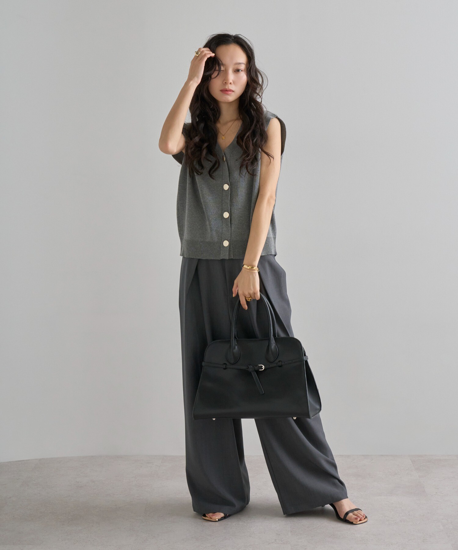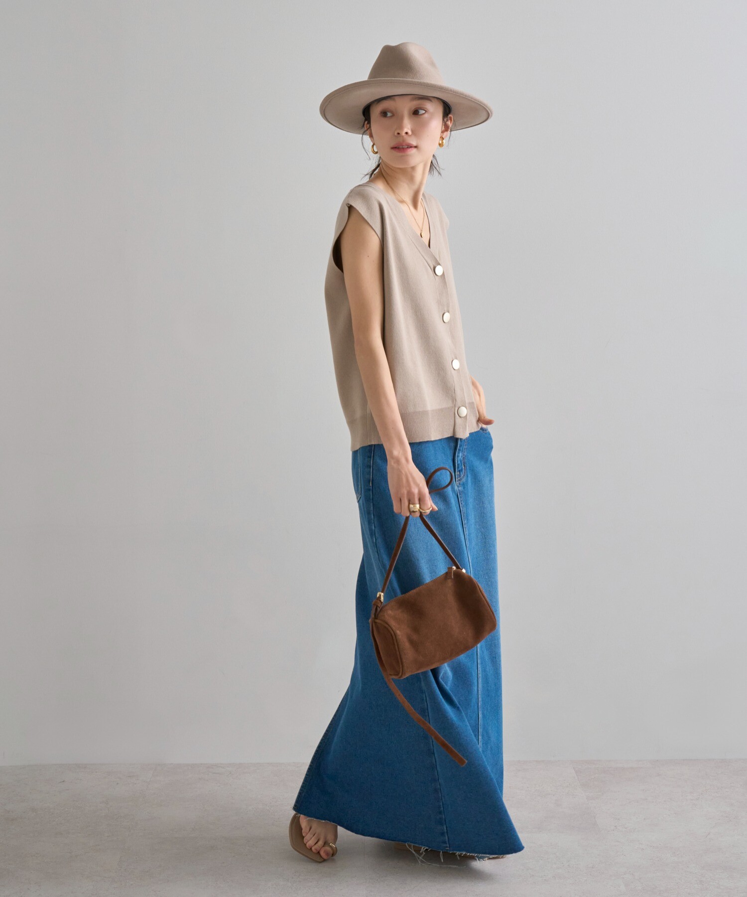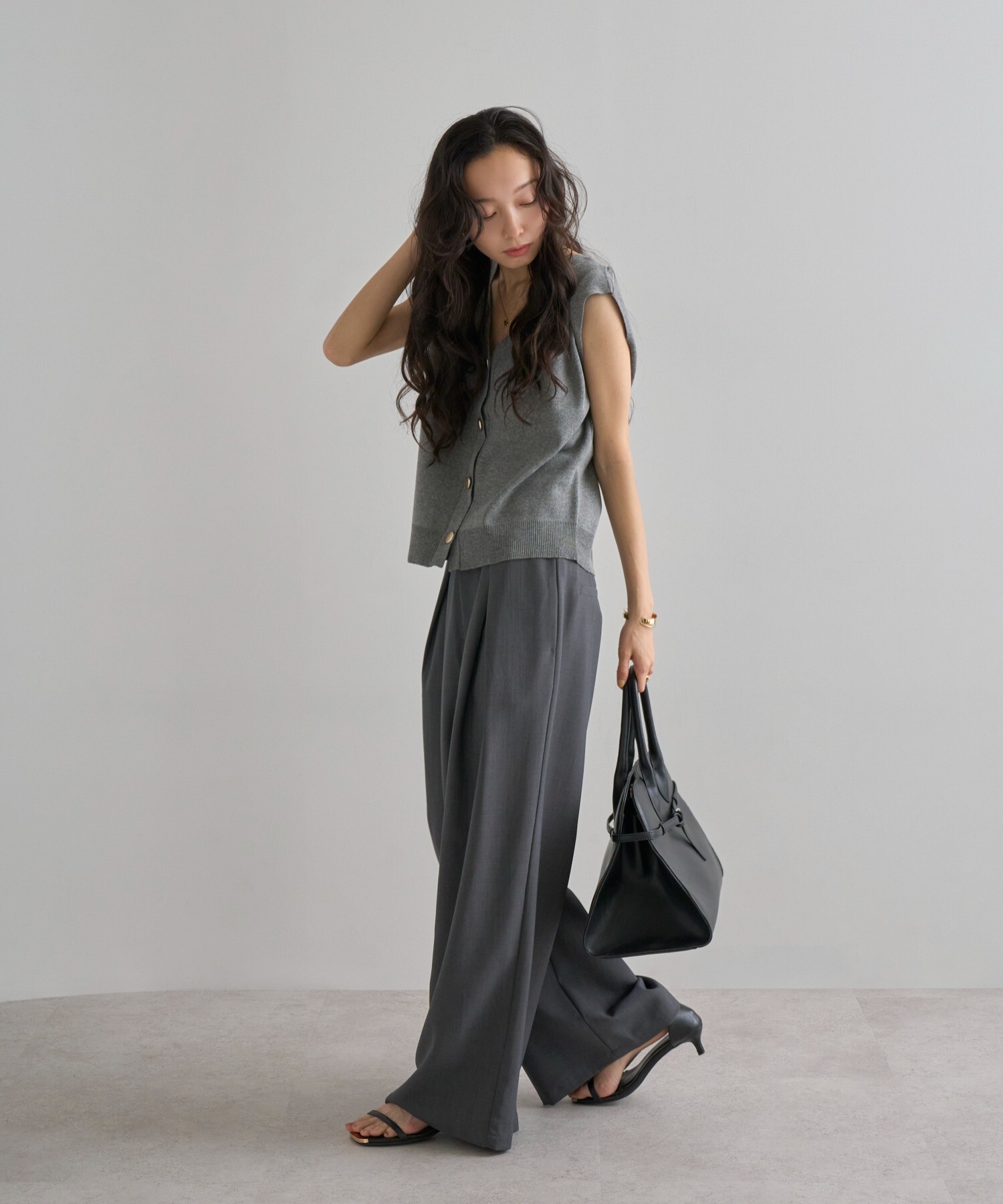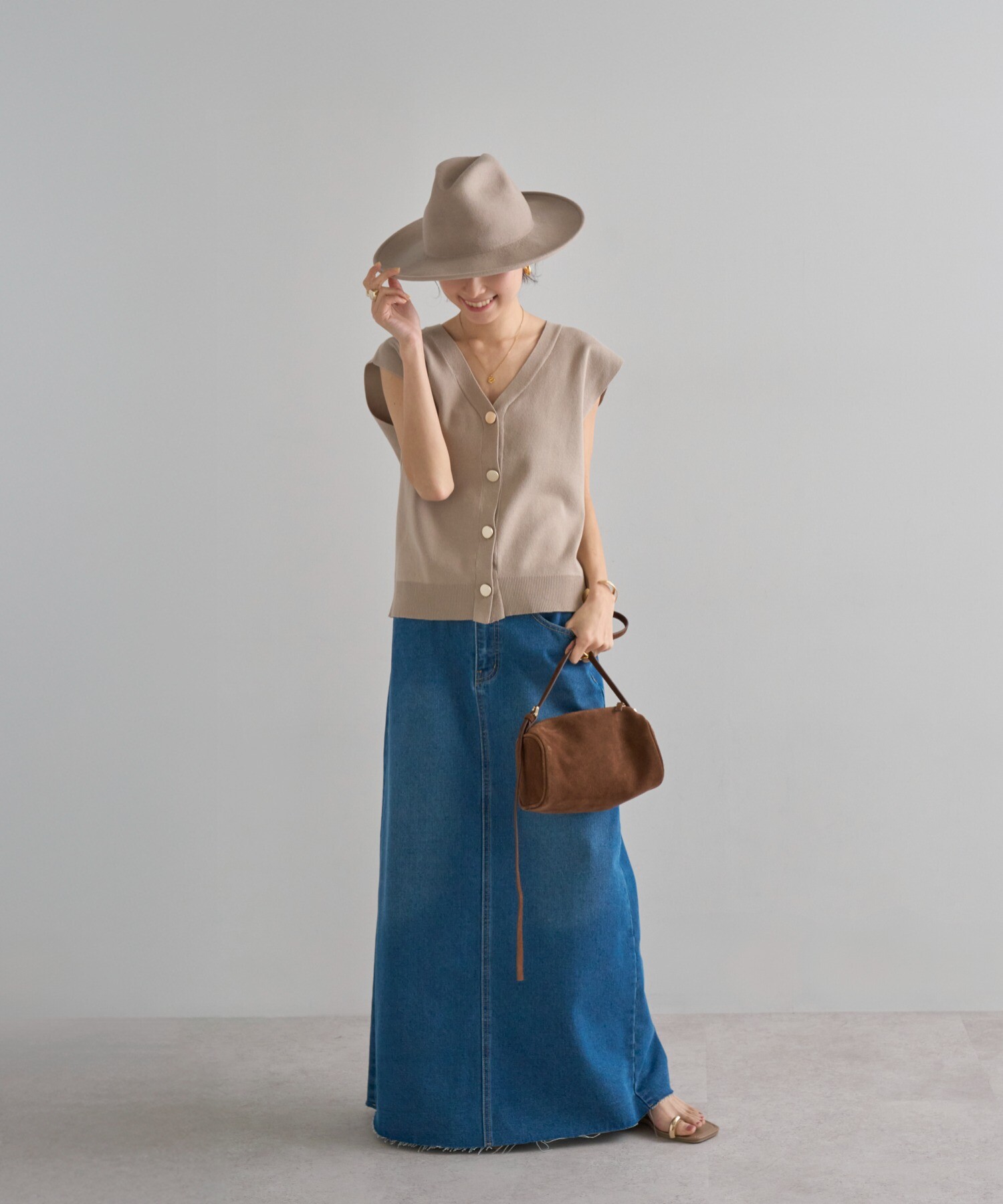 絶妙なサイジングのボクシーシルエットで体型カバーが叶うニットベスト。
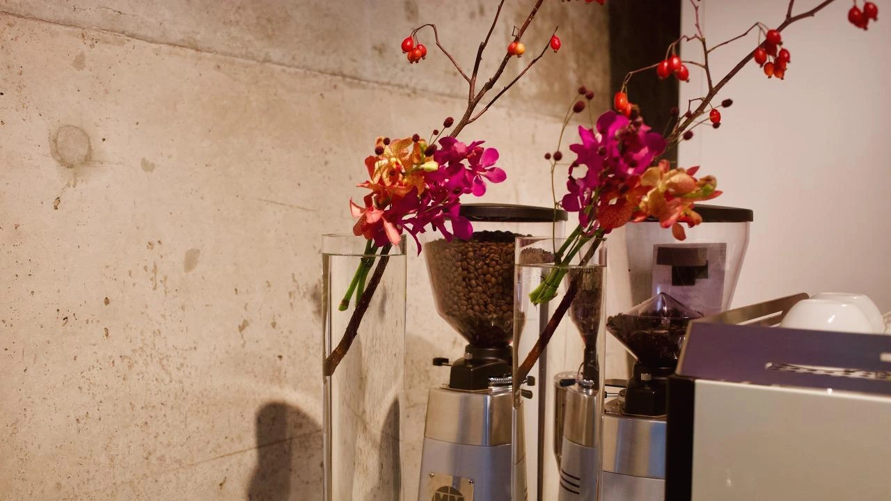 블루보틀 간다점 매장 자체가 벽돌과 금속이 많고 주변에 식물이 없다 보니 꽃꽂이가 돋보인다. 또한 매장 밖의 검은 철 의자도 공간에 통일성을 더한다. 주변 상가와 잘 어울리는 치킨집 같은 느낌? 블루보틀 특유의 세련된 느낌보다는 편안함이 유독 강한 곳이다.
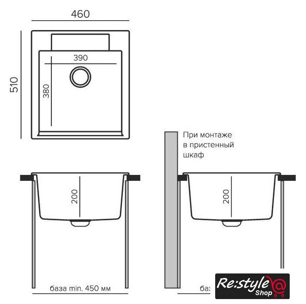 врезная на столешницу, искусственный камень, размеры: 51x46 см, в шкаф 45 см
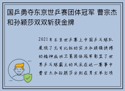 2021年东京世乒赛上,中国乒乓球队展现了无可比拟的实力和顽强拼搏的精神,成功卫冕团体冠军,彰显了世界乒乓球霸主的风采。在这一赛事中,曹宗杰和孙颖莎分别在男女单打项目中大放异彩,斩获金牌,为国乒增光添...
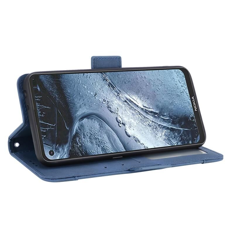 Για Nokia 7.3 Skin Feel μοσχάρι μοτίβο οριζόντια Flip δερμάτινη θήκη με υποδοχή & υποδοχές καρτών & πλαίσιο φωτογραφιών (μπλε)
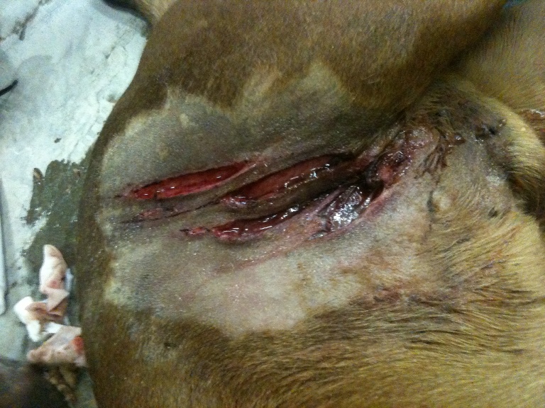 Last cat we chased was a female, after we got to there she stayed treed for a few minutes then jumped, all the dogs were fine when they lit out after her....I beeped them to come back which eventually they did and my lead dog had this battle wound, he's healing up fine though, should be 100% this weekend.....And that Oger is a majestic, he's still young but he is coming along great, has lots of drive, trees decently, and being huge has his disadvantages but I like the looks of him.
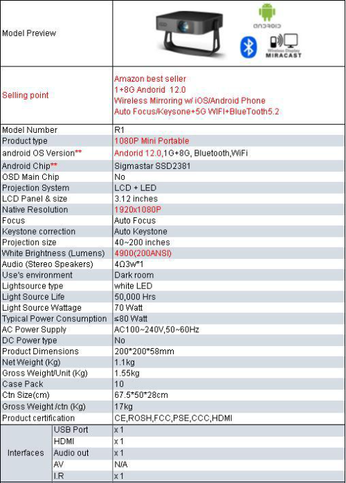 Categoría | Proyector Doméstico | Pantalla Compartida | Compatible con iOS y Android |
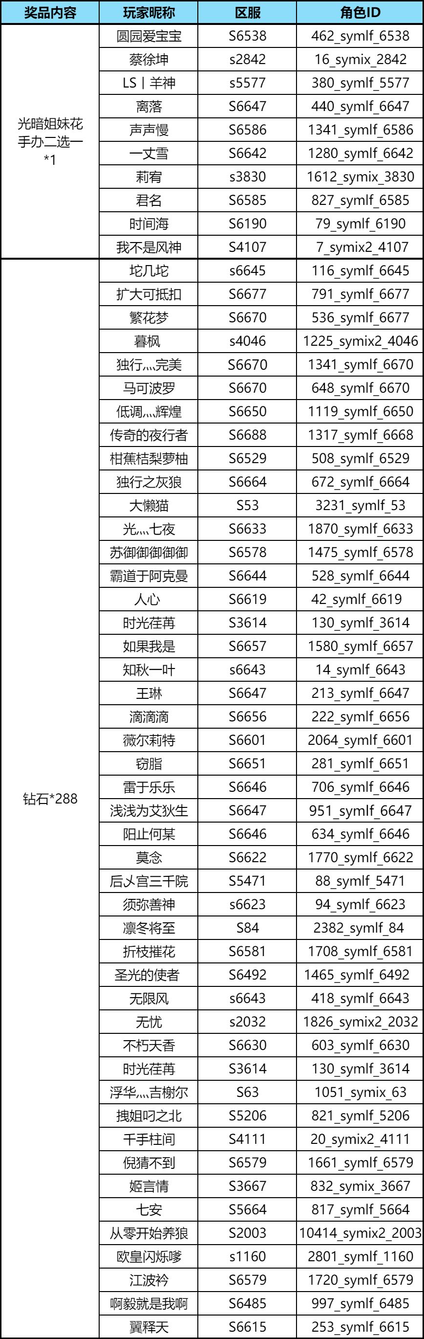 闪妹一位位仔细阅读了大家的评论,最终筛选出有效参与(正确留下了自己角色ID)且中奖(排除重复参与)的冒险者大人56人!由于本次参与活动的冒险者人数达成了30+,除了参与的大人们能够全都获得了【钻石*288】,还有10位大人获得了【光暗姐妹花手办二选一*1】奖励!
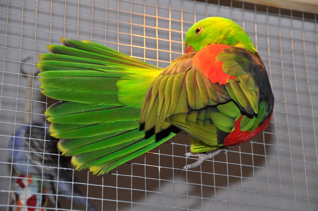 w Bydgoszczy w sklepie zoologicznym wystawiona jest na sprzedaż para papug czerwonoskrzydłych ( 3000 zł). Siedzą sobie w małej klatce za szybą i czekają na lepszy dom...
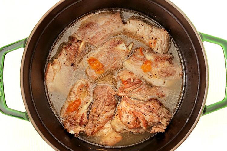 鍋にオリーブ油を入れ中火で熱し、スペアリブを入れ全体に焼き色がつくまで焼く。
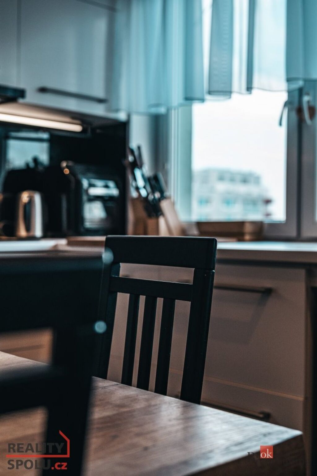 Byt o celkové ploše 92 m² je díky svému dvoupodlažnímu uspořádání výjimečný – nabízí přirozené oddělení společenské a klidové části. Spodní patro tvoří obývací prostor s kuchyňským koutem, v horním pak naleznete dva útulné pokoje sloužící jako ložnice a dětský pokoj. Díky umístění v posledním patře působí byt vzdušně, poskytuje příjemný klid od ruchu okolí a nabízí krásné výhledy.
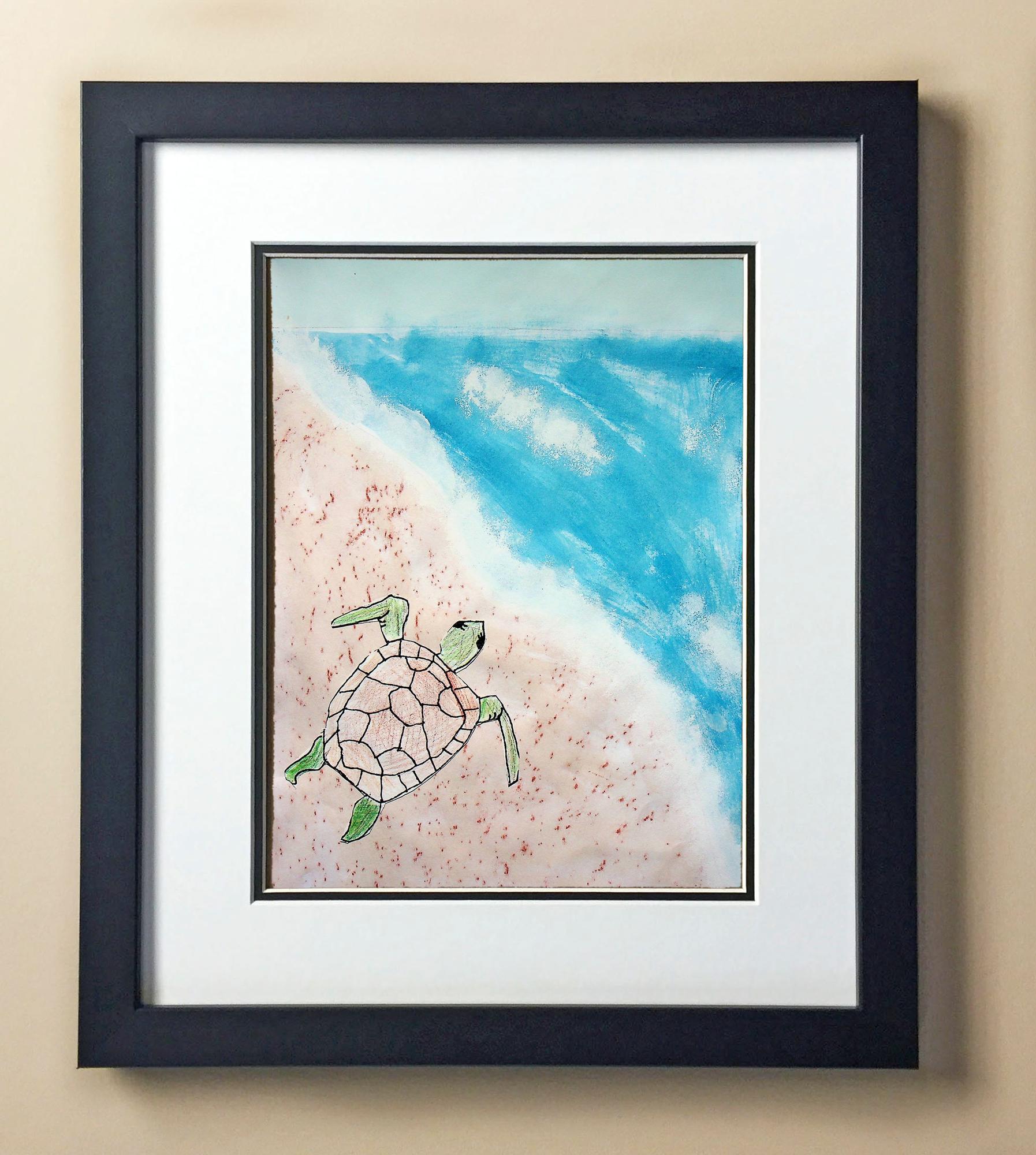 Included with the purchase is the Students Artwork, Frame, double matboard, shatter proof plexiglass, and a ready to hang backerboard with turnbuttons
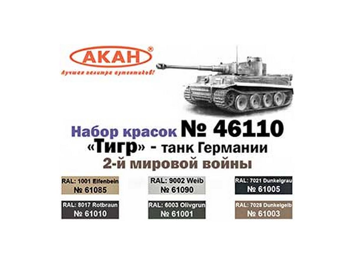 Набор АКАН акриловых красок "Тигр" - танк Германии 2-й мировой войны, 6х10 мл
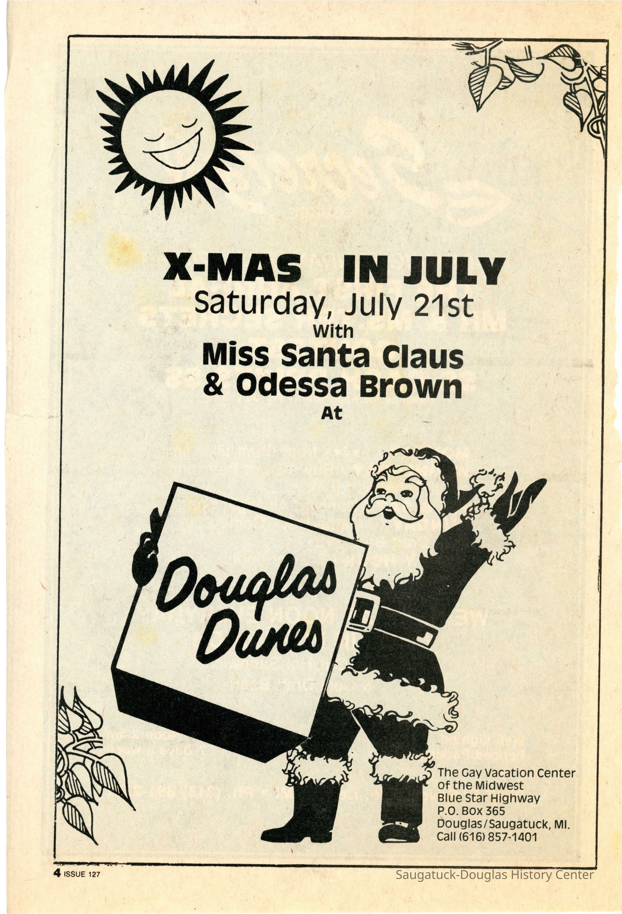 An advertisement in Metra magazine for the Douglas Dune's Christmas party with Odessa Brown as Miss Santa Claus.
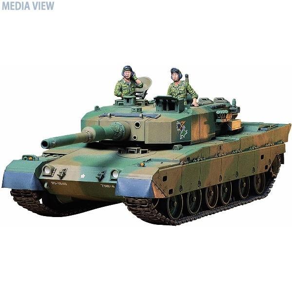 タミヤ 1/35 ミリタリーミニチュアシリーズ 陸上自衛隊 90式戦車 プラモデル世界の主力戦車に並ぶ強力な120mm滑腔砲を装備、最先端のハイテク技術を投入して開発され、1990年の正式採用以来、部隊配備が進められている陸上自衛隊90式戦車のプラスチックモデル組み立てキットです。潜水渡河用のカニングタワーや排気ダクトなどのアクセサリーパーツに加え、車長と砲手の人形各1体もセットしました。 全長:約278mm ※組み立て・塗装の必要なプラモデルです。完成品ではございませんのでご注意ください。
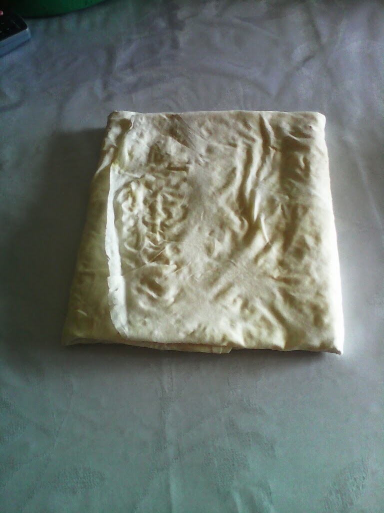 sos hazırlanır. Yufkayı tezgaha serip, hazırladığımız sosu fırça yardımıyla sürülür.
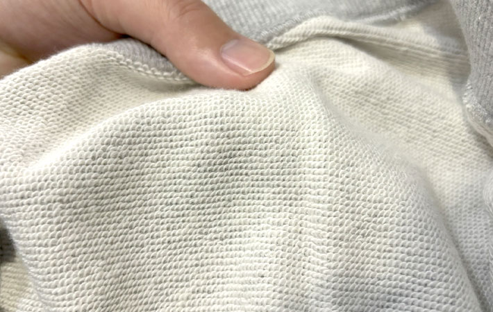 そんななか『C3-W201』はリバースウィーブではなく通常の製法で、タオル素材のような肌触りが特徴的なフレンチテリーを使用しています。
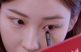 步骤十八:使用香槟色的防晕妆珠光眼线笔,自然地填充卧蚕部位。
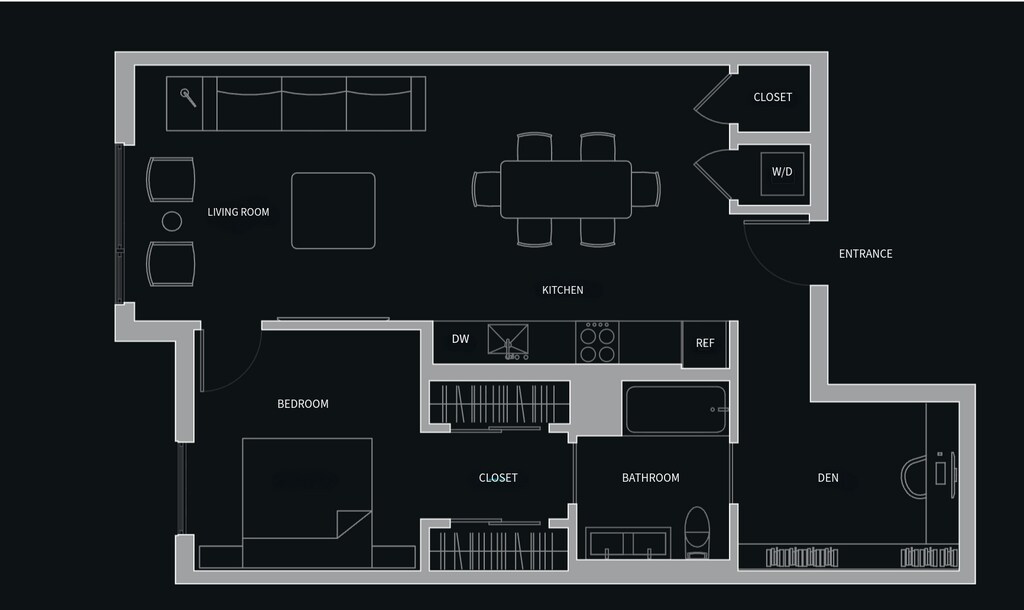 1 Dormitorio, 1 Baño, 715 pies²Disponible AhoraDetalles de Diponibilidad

━━━━━━

- ASSIGNED TASK
With the pictures omitted, copy exactly the lines of the listing above starting at the line containing "Categoría | Proyector" and ending at the line containing "sos hazırlanır. Yufkayı", both included.

- OUTPUT OF THE EXERCISE
 Categoría | Proyector Doméstico | Pantalla Compartida | Compatible con iOS y Android |
 闪妹一位位仔细阅读了大家的评论,最终筛选出有效参与(正确留下了自己角色ID)且中奖(排除重复参与)的冒险者大人56人!由于本次参与活动的冒险者人数达成了30+,除了参与的大人们能够全都获得了【钻石*288】,还有10位大人获得了【光暗姐妹花手办二选一*1】奖励!
 w Bydgoszczy w sklepie zoologicznym wystawiona jest na sprzedaż para papug czerwonoskrzydłych ( 3000 zł). Siedzą sobie w małej klatce za szybą i czekają na lepszy dom...
 鍋にオリーブ油を入れ中火で熱し、スペアリブを入れ全体に焼き色がつくまで焼く。
 Byt o celkové ploše 92 m² je díky svému dvoupodlažnímu uspořádání výjimečný – nabízí přirozené oddělení společenské a klidové části. Spodní patro tvoří obývací prostor s kuchyňským koutem, v horním pak naleznete dva útulné pokoje sloužící jako ložnice a dětský pokoj. Díky umístění v posledním patře působí byt vzdušně, poskytuje příjemný klid od ruchu okolí a nabízí krásné výhledy.
 Included with the purchase is the Students Artwork, Frame, double matboard, shatter proof plexiglass, and a ready to hang backerboard with turnbuttons
 Набор АКАН акриловых красок "Тигр" - танк Германии 2-й мировой войны, 6х10 мл
 An advertisement in Metra magazine for the Douglas Dune's Christmas party with Odessa Brown as Miss Santa Claus.
 タミヤ 1/35 ミリタリーミニチュアシリーズ 陸上自衛隊 90式戦車 プラモデル世界の主力戦車に並ぶ強力な120mm滑腔砲を装備、最先端のハイテク技術を投入して開発され、1990年の正式採用以来、部隊配備が進められている陸上自衛隊90式戦車のプラスチックモデル組み立てキットです。潜水渡河用のカニングタワーや排気ダクトなどのアクセサリーパーツに加え、車長と砲手の人形各1体もセットしました。 全長:約278mm ※組み立て・塗装の必要なプラモデルです。完成品ではございませんのでご注意ください。
 sos hazırlanır. Yufkayı tezgaha serip, hazırladığımız sosu fırça yardımıyla sürülür.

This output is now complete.